§ Task objective:
Restate each entry exactly, without pictures.

Records from a collection
____________________

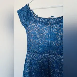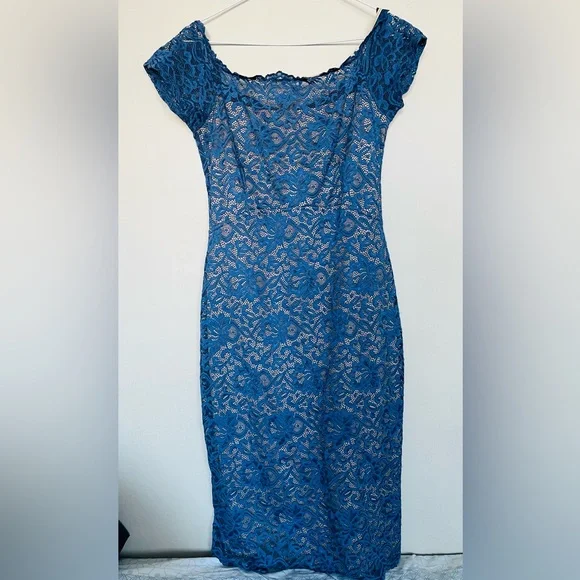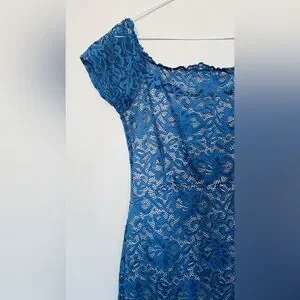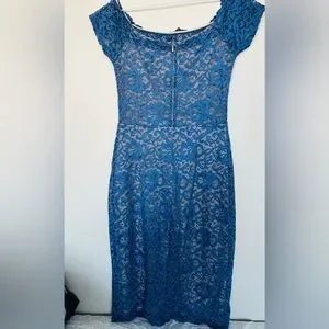 Beautiful lace dress that can also be worn off shoulder. Very stretchable and comfortable. It can also be worn while pregnant. I could fit into it while i was pregnant but fits me well now too. No brand or size tag but the quality is really nice. Fits like a medium.
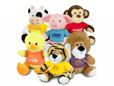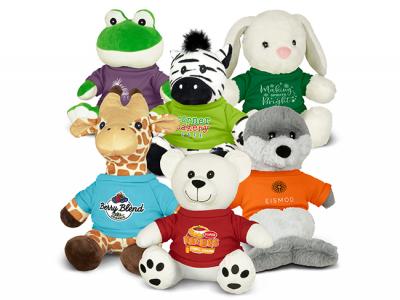 Entdecken Sie unsere entzückende Plüschtier-Menagerie mit einer Reihe von bezaubernden Tieren. Diese Plüschtiere sind nicht nur eine niedliche und kuschelige Option für das Branding, sondern auch ein hervorragendes Instrument für die Markenerkennung und die Verbreitung von Goodwill. Jedes Plüschtier hat gestickte Augen für zusätzlichen Charme und wird mit einem Polyester-T-Shirt geliefert, das in elf leuchtenden Farben erhältlich ist. Wählen Sie aus unserer Kollektion liebenswerter Tiere und erfreuen Sie Ihr Publikum, während Sie für Ihre Marke werben.
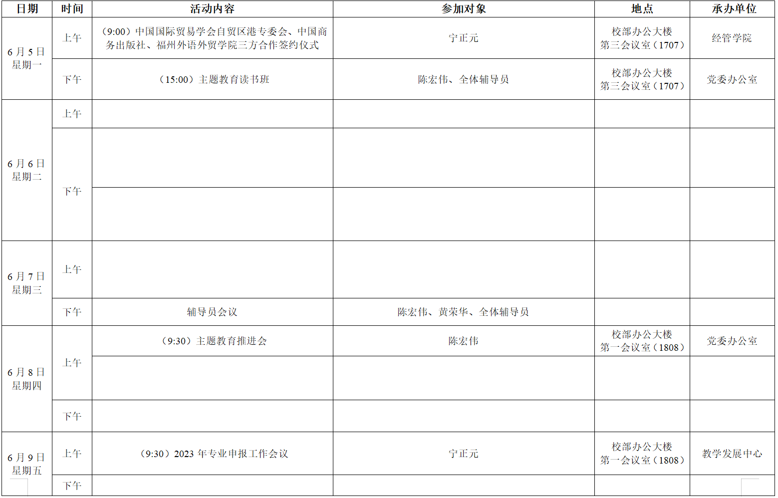 大数据学院2022-2023学年第二学期第17周活动安排表
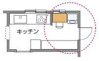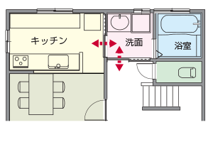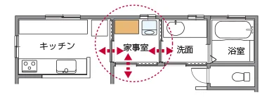 水廻りをひとつにまとめ、トイレにもつながるタイプ
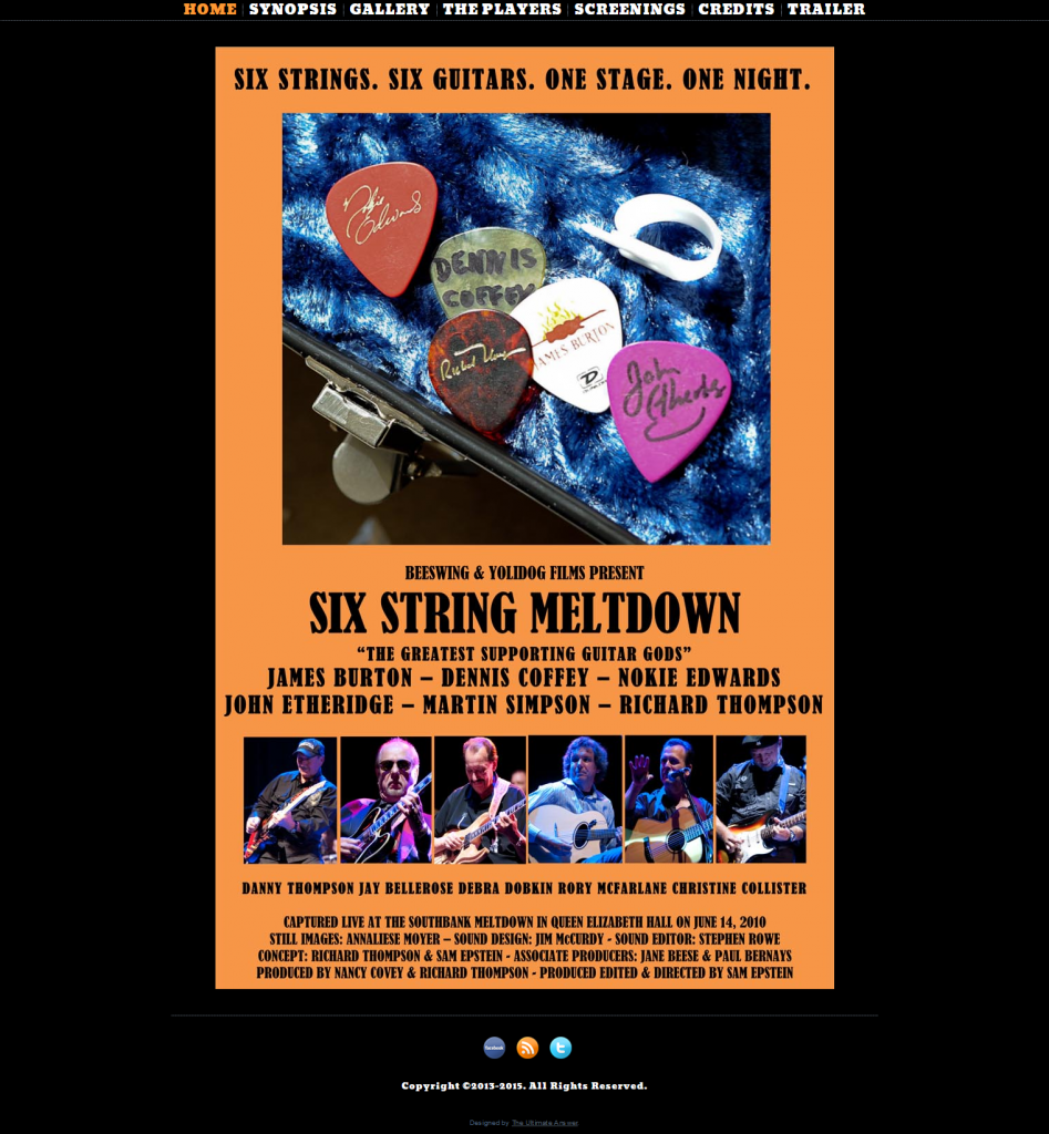 Project: Movie / DocumentaryWebsite Build: WordPress (CMS)Website Type: Informational / MarketingWebsite Features:BlogEmail Capture SystemStrong Visual DesignPhoto GallerySearch Engine OptimizedLIVE SITE: http://Sixstringmeltdown.com More Projects
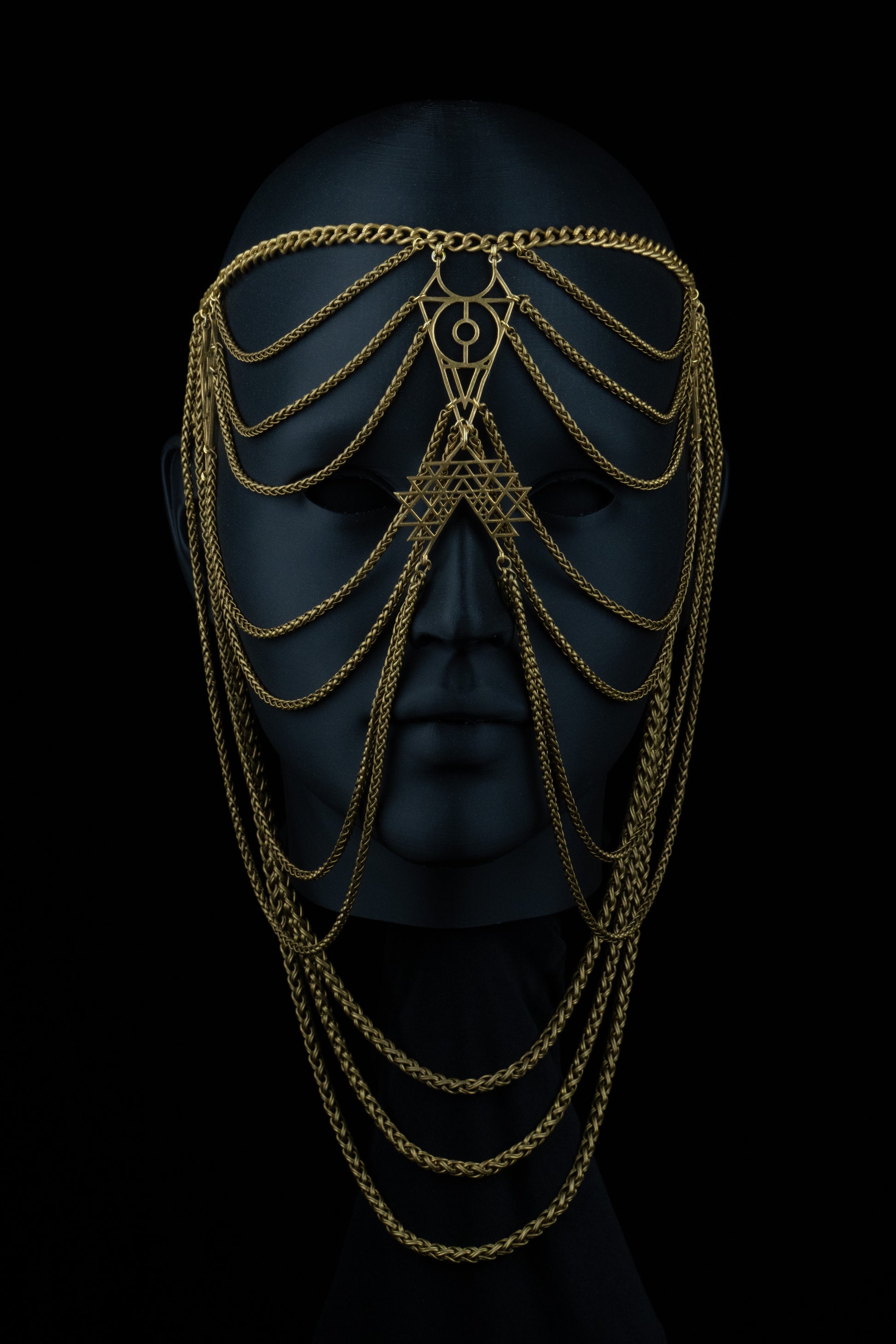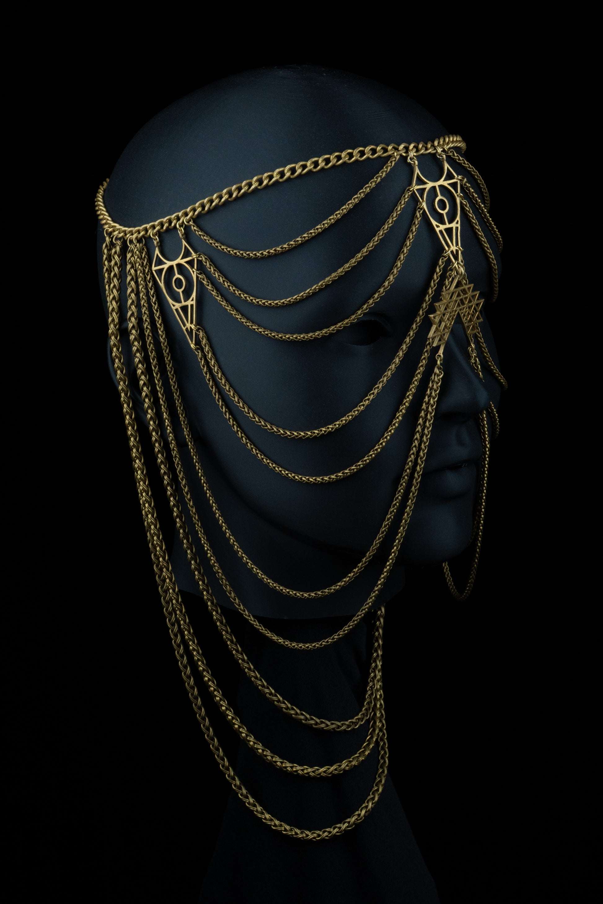 A one-of-a-kind brass headpiece inspired by the ceremonial helms of ancient warrior-priests.
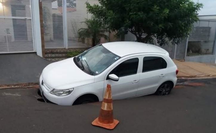 De acordo com informações, o buraco de aproximadamente 2m, com 1,5m de profundidade só não “sugou” completamente o veículo, um Volkswagen/Gol com placas de São José do Rio Preto, devido a sarjeta, que sustentou parte do automóvel.
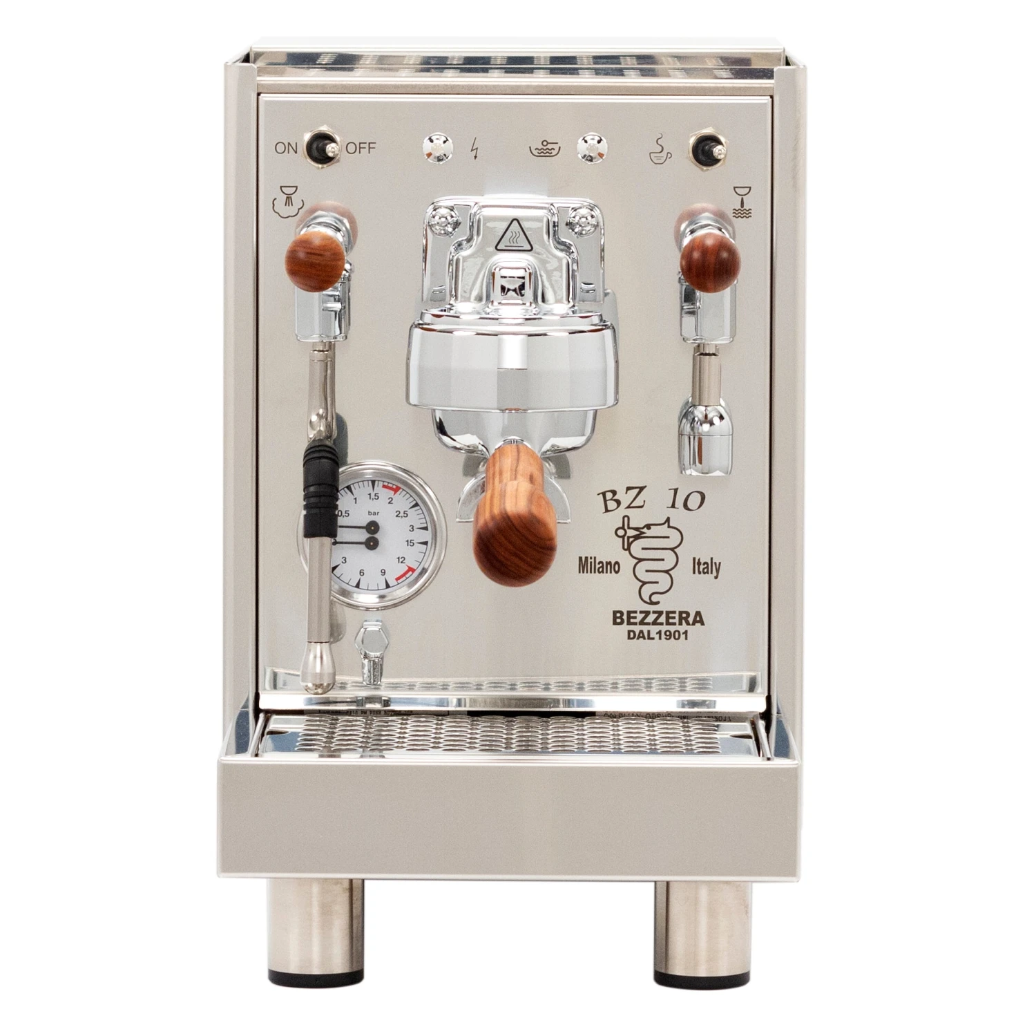 The Bezzera BZ10 is a thoughtfully designed heat exchanger that makes a big splash in the espresso market, in spite of its small footprint. It has all the features you’d expect of a prosumer, but often with a design twist, made possible by Bezzera’s commitment to keeping production in house.

____________________

§ Response to the exercise:
 Beautiful lace dress that can also be worn off shoulder. Very stretchable and comfortable. It can also be worn while pregnant. I could fit into it while i was pregnant but fits me well now too. No brand or size tag but the quality is really nice. Fits like a medium.
 Entdecken Sie unsere entzückende Plüschtier-Menagerie mit einer Reihe von bezaubernden Tieren. Diese Plüschtiere sind nicht nur eine niedliche und kuschelige Option für das Branding, sondern auch ein hervorragendes Instrument für die Markenerkennung und die Verbreitung von Goodwill. Jedes Plüschtier hat gestickte Augen für zusätzlichen Charme und wird mit einem Polyester-T-Shirt geliefert, das in elf leuchtenden Farben erhältlich ist. Wählen Sie aus unserer Kollektion liebenswerter Tiere und erfreuen Sie Ihr Publikum, während Sie für Ihre Marke werben.
 大数据学院2022-2023学年第二学期第17周活动安排表
 水廻りをひとつにまとめ、トイレにもつながるタイプ
 Project: Movie / DocumentaryWebsite Build: WordPress (CMS)Website Type: Informational / MarketingWebsite Features:BlogEmail Capture SystemStrong Visual DesignPhoto GallerySearch Engine OptimizedLIVE SITE: http://Sixstringmeltdown.com More Projects
 A one-of-a-kind brass headpiece inspired by the ceremonial helms of ancient warrior-priests.
 De acordo com informações, o buraco de aproximadamente 2m, com 1,5m de profundidade só não “sugou” completamente o veículo, um Volkswagen/Gol com placas de São José do Rio Preto, devido a sarjeta, que sustentou parte do automóvel.
 The Bezzera BZ10 is a thoughtfully designed heat exchanger that makes a big splash in the espresso market, in spite of its small footprint. It has all the features you’d expect of a prosumer, but often with a design twist, made possible by Bezzera’s commitment to keeping production in house.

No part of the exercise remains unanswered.